"For the most part, the city was sold out. It was very difficult to get rooms," Jaclyn Barajas, with the Austin Convention and Visitor's Bureau tells GlobeSt.com. She said visitors booked approximately 4,000 hotel nights during the festival, each spending about $264 per day for an economic impact estimated to be $23.6 million.

The music draw, offering genres from hip-hop to alt country, had acts going for more than 50 stages. Some 11,000 people attended that venue while the movie and interactive festivals drew another 6,000, Barajas said.

Interest in the festivals helped boost the city's hotel occupancy, at least temporarily, following a 14.7% decline in occupancy rates between 2001 and 2000. Although the aftermath of the Sept. 11 terrorist attacks played a role in that decline, a bigger factor in the occupancy drop was Austin's faltering economy.

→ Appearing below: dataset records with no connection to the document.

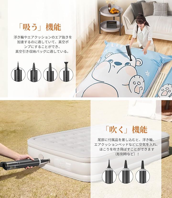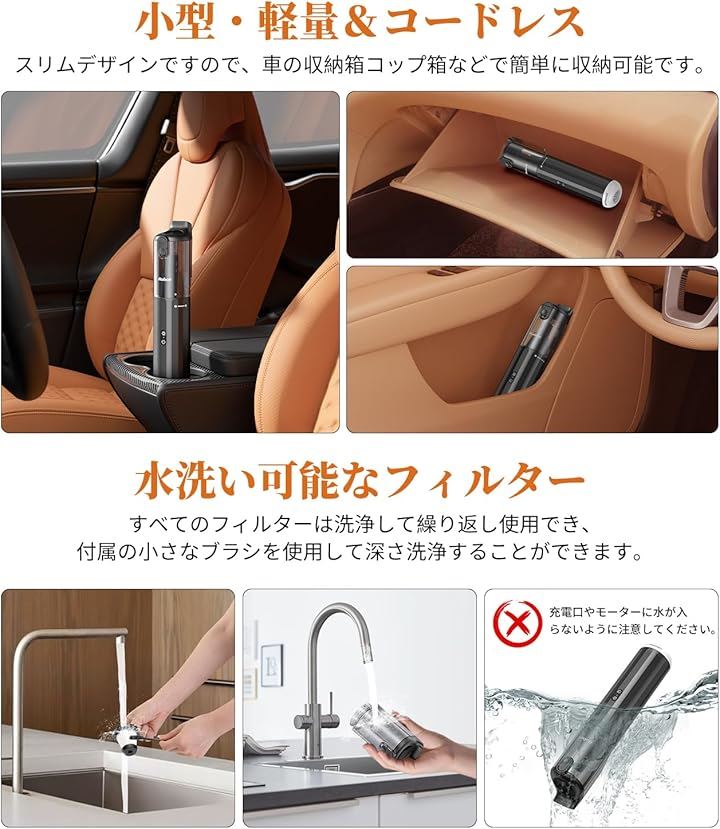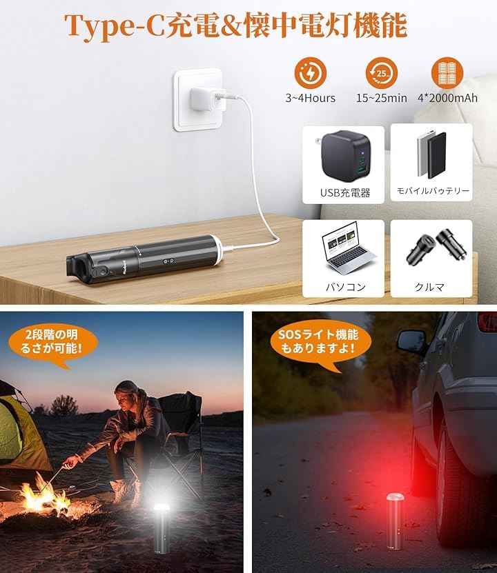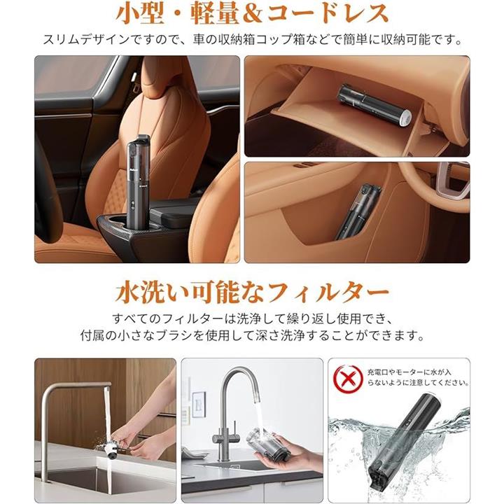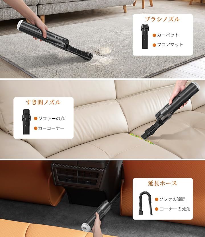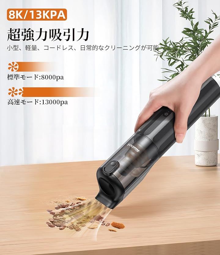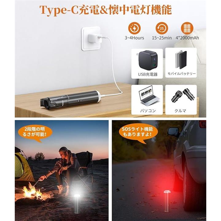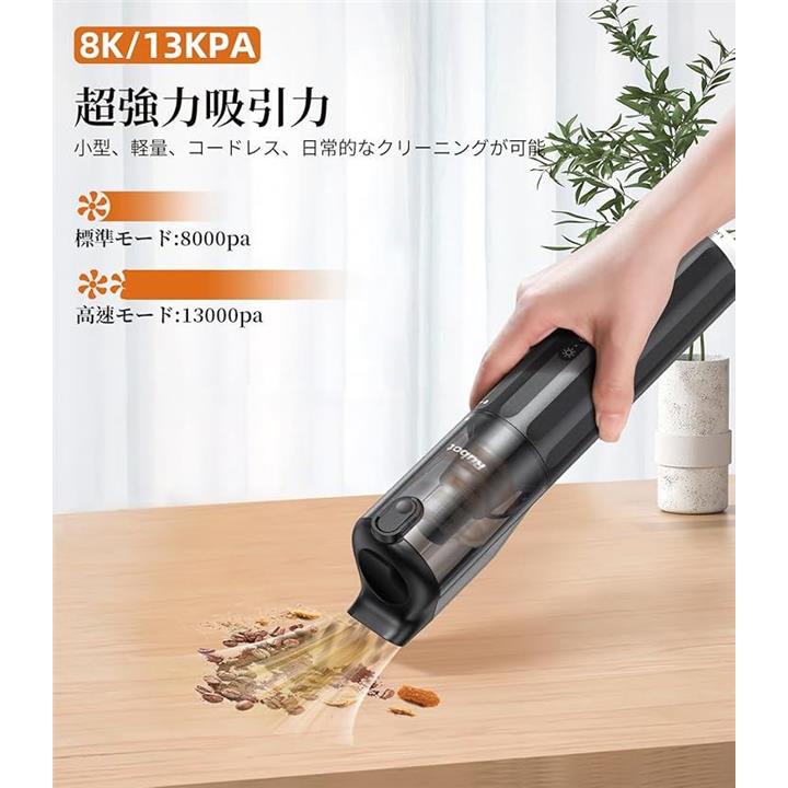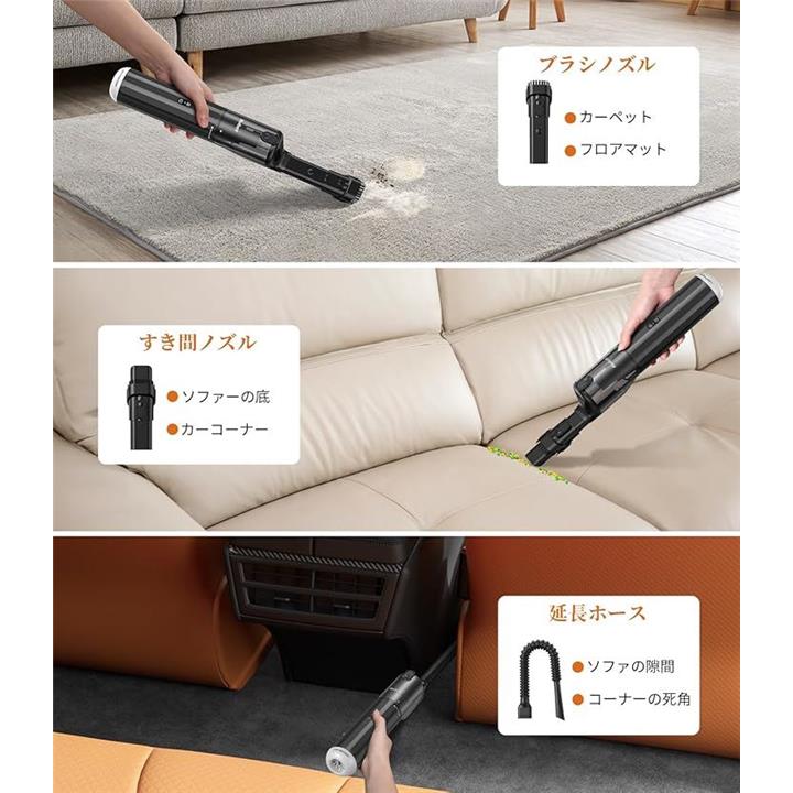 ハンディクリーナー 車用掃除機 コードレス 13000PA強力吸引力 照明機能 LED照 3in1電動エアーポンプ機能付き ハンディー掃除機 usb充電 2段階モード 機能ミニ掃除機 コンパクト 日本語取扱説明書
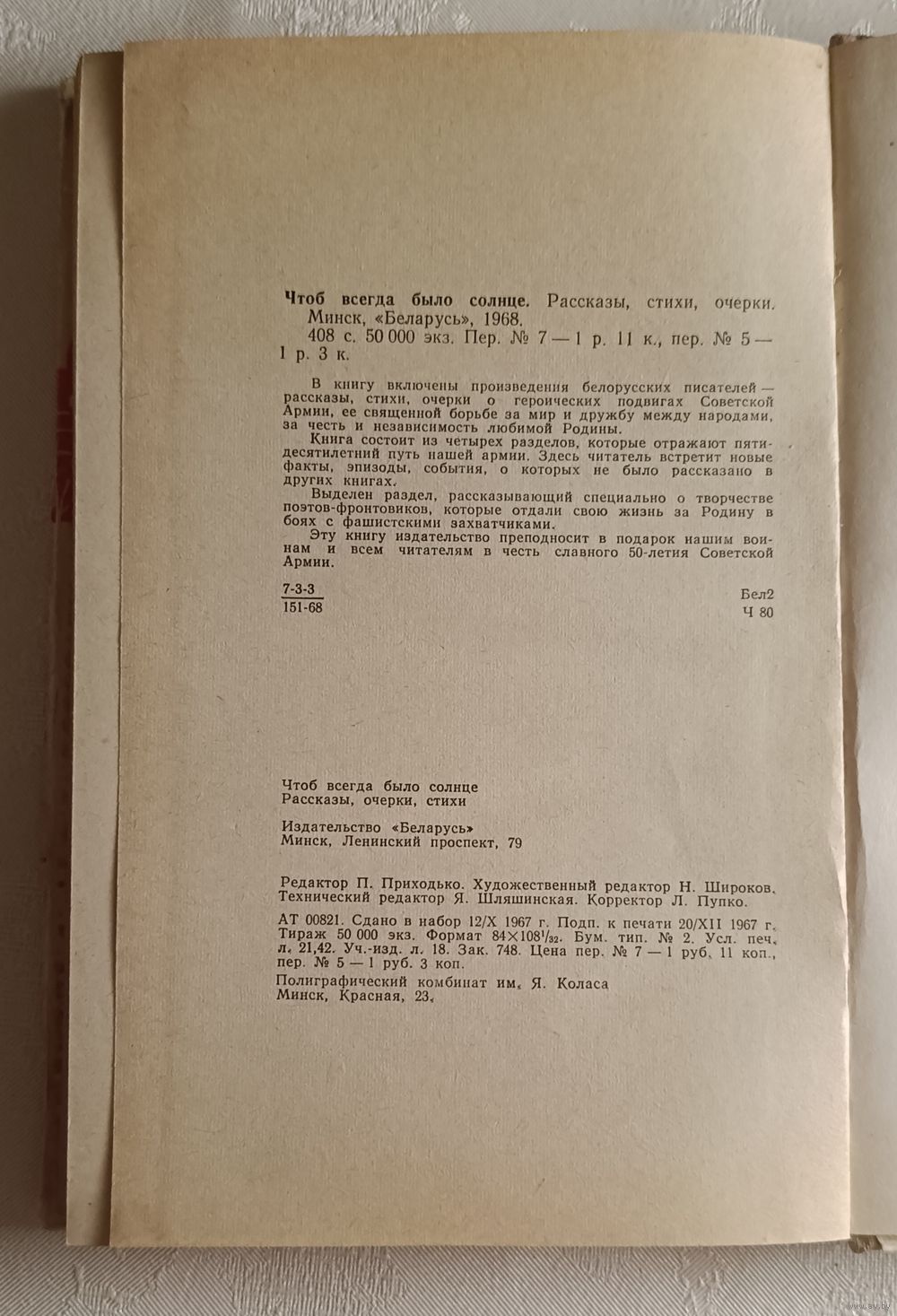 Чтоб всегда было солнце. Рассказы, стихи, очерки. Минск, «Беларусь», 1968, 408 с., твёрдый переплёт, обычный формат.
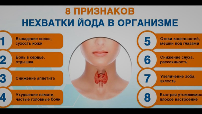Ваша щитовидная железа нуждается в йоде для производства гормонов, которые влияют на обмен веществ и другие жизненно важные функции. Поскольку ваш организм не производит йод, то вы должны ежедневно получать его из пищи. Если в организме недостаточно йода, то он не может вырабатывать достаточное количество гормонов щитовидной железы.
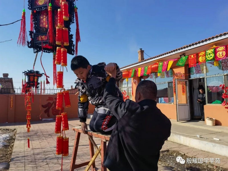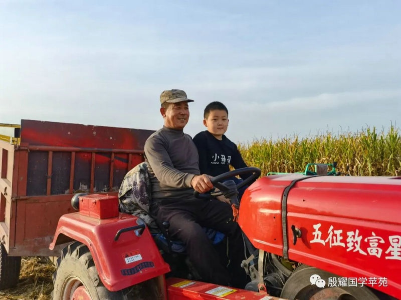 父親讓曈曈接地氣的愿望實現(xiàn)了,長得越來越壯實的曈曈真是打心眼喜歡上了農(nóng)村,喜歡看叔叔大爺們是如何勞動的。春天澆地的時候,他跟上我的發(fā)小利利到地里去,手里拿上一張鐵鍬學(xué)著去攏堰堤;秋收的時候他爬上了丁補元駕駛的收割機,感受農(nóng)民們收割玉米的喜悅;接羔的時候,他又鉆進(jìn)利軍家的羊群里,抱著出生沒有幾天的小羊羔,給小羊羔喂牛奶……春節(jié)前的一兩天是他最忙的時候:一會跟上大爹貼春聯(lián),一會跟上茹義大爺掛紅燈,忙得不亦樂乎。前一段時間回村里他又要跟上利軍大爺出村放羊去,又要跟上茹義大爺去種玉米,在城里他是見識不到這些的。
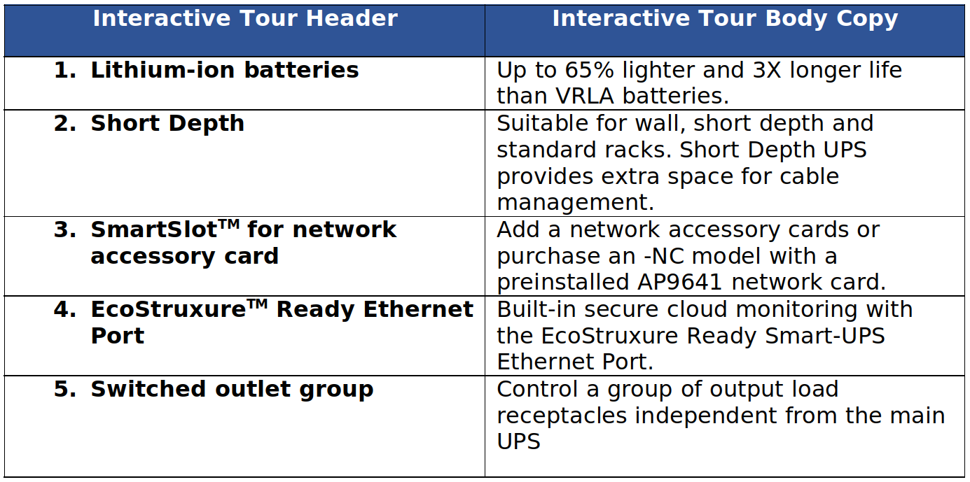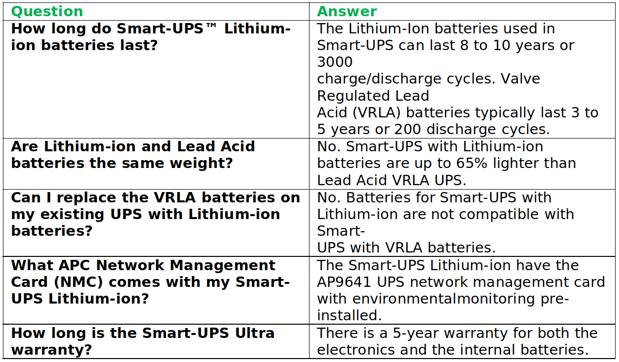 Smart-UPS Lithium-ion batteries last 3x longer than VRLA batteries. When you don’t have to replace the battery for 8-10 years as you would with a Lead Acid battery you save. Smart-UPS Lithium-ion UPS are up to 65% lighter making installation easier.
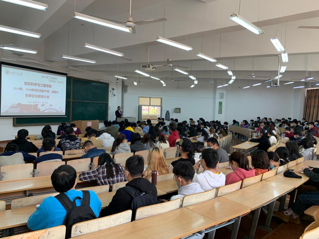 为提升学生冬季安全防范意识,加强安全教育知识宣传,2020年11月10日,纺织科学与工程学院三全育人导师团和团总支在临潼校区B-133教室举办学生班级干部、寝室长冬季安全教育大会。学院学生工作办公室主任、轻化工程导师团秘书赵勇进,2019级辅导员、纺织工程第二导师团秘书苏娜,2020级辅导员、纺织工程第一导师团秘书曹鑫,2019级及2020级全体学生班委、寝室长参加会议。
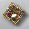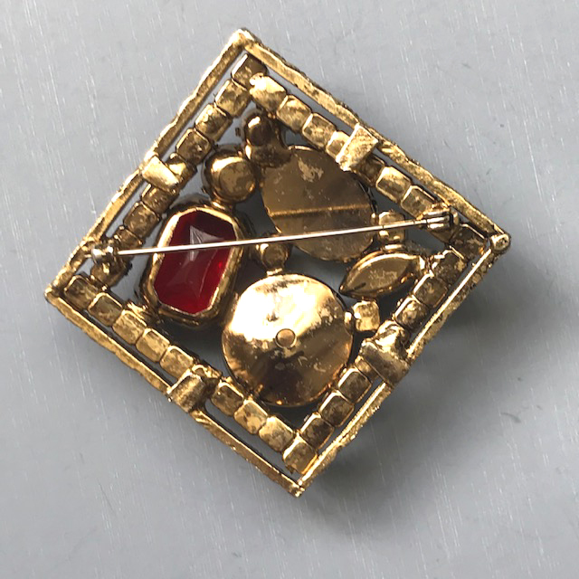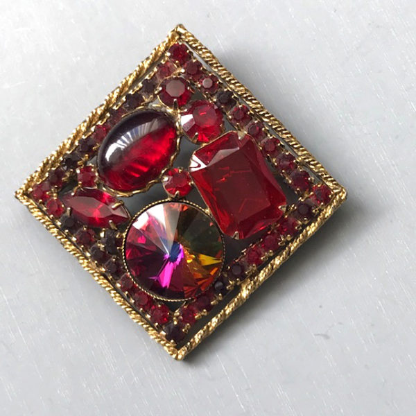 Description BRILLIANT and beautiful red and purple rivoli, rhinestones and cabochons in a square brooch with a gold plated setting, late 1960s, 1-7/8" by 1/7/8". The stones remind me of Juliana jewelry.

Yet despite the uptick in this year's attendee numbers, it may still be too early to gauge how the city's hotel bookings will fare for the remainder of 2003, especially as war looms in the Middle East. "It's not necessarily going to bring us to our knees in terms of travel," Doug Sutton, with the San Antonio-based Source Strategies, which compiles hotel data, tells GlobeSt.com, referring to the pending military maneuvers. "There may be a temporary interruption, but I don't see this being a long-term deal.